Problem description
Restate the records in full and exactly, with no images included.
Data provided below:
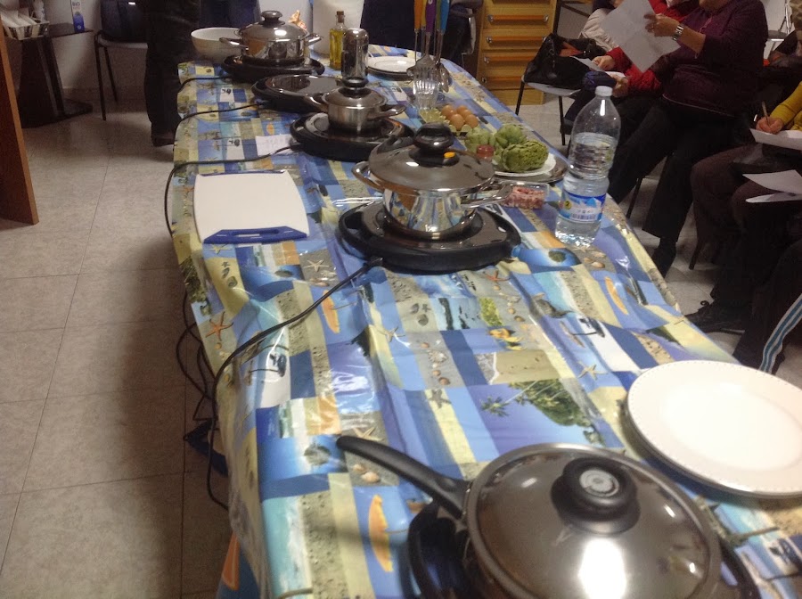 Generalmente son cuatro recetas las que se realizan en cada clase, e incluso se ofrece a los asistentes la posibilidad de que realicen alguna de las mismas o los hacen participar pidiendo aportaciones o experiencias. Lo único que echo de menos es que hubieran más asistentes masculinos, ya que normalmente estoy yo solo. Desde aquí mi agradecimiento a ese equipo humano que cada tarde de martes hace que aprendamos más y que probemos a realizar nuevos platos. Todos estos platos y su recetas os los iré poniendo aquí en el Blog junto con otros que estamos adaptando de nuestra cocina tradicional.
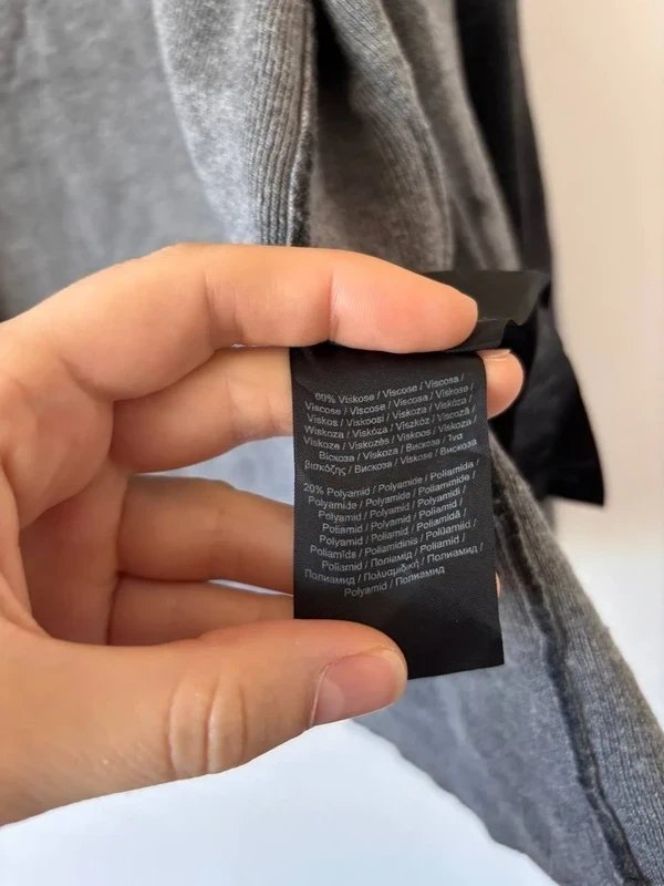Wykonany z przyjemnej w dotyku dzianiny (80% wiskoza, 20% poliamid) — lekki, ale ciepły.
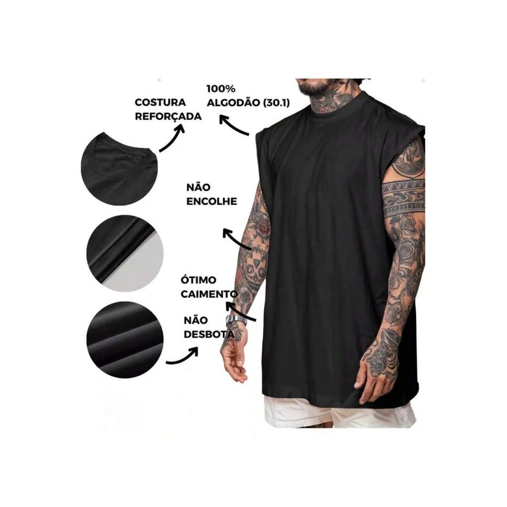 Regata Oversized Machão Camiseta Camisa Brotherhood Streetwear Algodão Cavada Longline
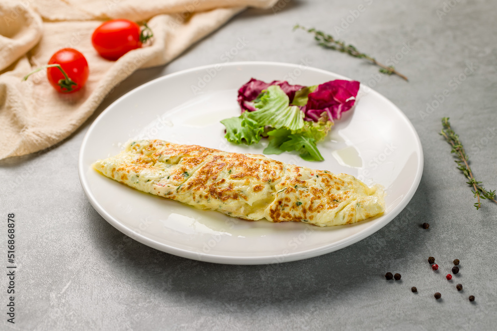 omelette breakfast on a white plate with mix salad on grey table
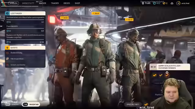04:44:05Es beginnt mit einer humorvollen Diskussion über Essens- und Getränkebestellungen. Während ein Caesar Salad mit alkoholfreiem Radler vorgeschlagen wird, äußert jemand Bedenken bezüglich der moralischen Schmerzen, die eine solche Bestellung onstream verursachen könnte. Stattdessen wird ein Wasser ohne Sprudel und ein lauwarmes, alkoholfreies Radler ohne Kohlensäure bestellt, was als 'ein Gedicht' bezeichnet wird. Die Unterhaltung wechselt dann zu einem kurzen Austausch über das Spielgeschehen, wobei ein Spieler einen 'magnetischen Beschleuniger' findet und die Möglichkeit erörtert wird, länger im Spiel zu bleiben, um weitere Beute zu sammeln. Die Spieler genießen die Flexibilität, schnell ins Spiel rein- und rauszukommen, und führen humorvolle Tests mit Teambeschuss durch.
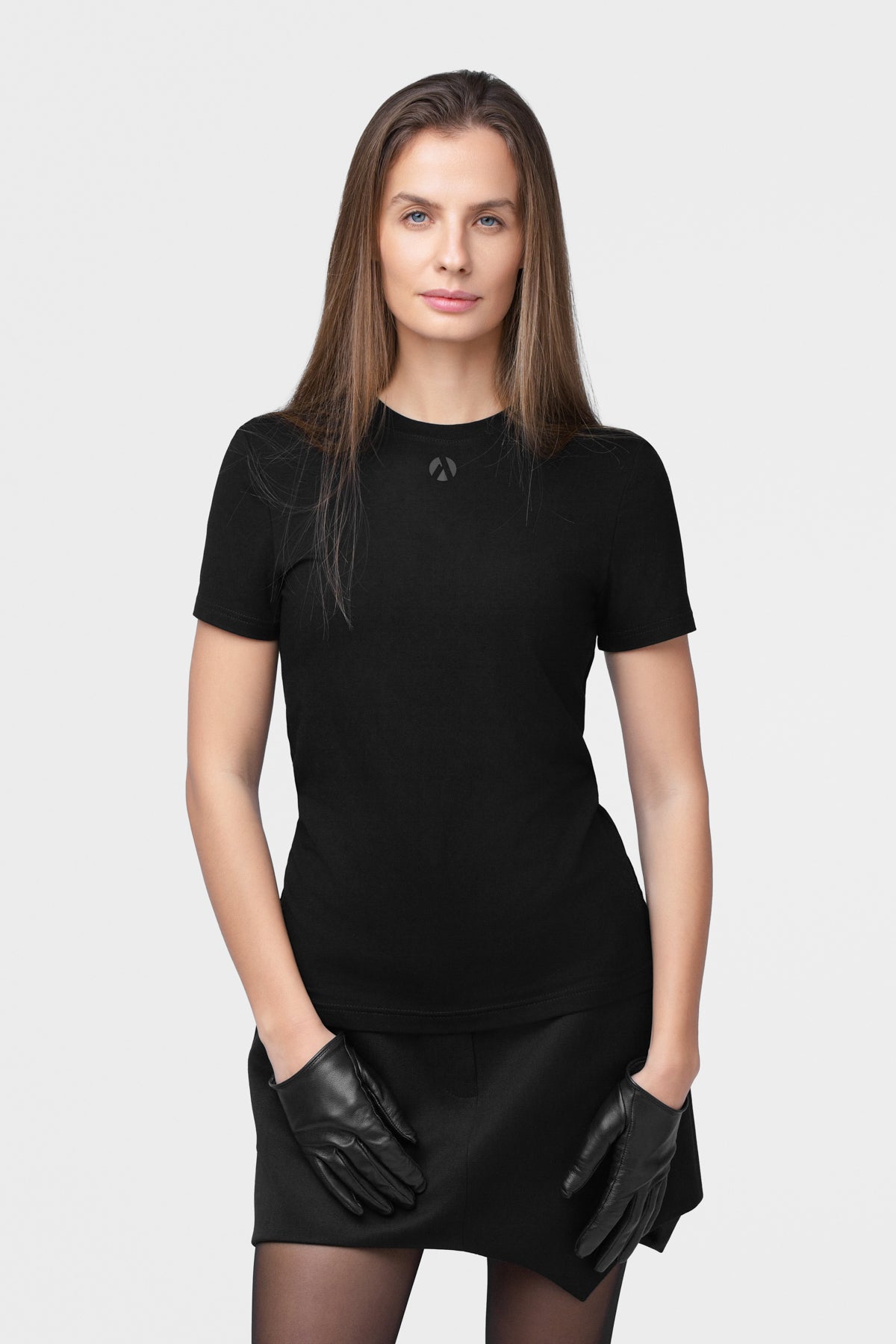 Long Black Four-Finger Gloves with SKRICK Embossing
End of Data provided.
Output for this task
 Generalmente son cuatro recetas las que se realizan en cada clase, e incluso se ofrece a los asistentes la posibilidad de que realicen alguna de las mismas o los hacen participar pidiendo aportaciones o experiencias. Lo único que echo de menos es que hubieran más asistentes masculinos, ya que normalmente estoy yo solo. Desde aquí mi agradecimiento a ese equipo humano que cada tarde de martes hace que aprendamos más y que probemos a realizar nuevos platos. Todos estos platos y su recetas os los iré poniendo aquí en el Blog junto con otros que estamos adaptando de nuestra cocina tradicional.
Wykonany z przyjemnej w dotyku dzianiny (80% wiskoza, 20% poliamid) — lekki, ale ciepły.
 Regata Oversized Machão Camiseta Camisa Brotherhood Streetwear Algodão Cavada Longline
 omelette breakfast on a white plate with mix salad on grey table
04:44:05Es beginnt mit einer humorvollen Diskussion über Essens- und Getränkebestellungen. Während ein Caesar Salad mit alkoholfreiem Radler vorgeschlagen wird, äußert jemand Bedenken bezüglich der moralischen Schmerzen, die eine solche Bestellung onstream verursachen könnte. Stattdessen wird ein Wasser ohne Sprudel und ein lauwarmes, alkoholfreies Radler ohne Kohlensäure bestellt, was als 'ein Gedicht' bezeichnet wird. Die Unterhaltung wechselt dann zu einem kurzen Austausch über das Spielgeschehen, wobei ein Spieler einen 'magnetischen Beschleuniger' findet und die Möglichkeit erörtert wird, länger im Spiel zu bleiben, um weitere Beute zu sammeln. Die Spieler genießen die Flexibilität, schnell ins Spiel rein- und rauszukommen, und führen humorvolle Tests mit Teambeschuss durch.
 Long Black Four-Finger Gloves with SKRICK Embossing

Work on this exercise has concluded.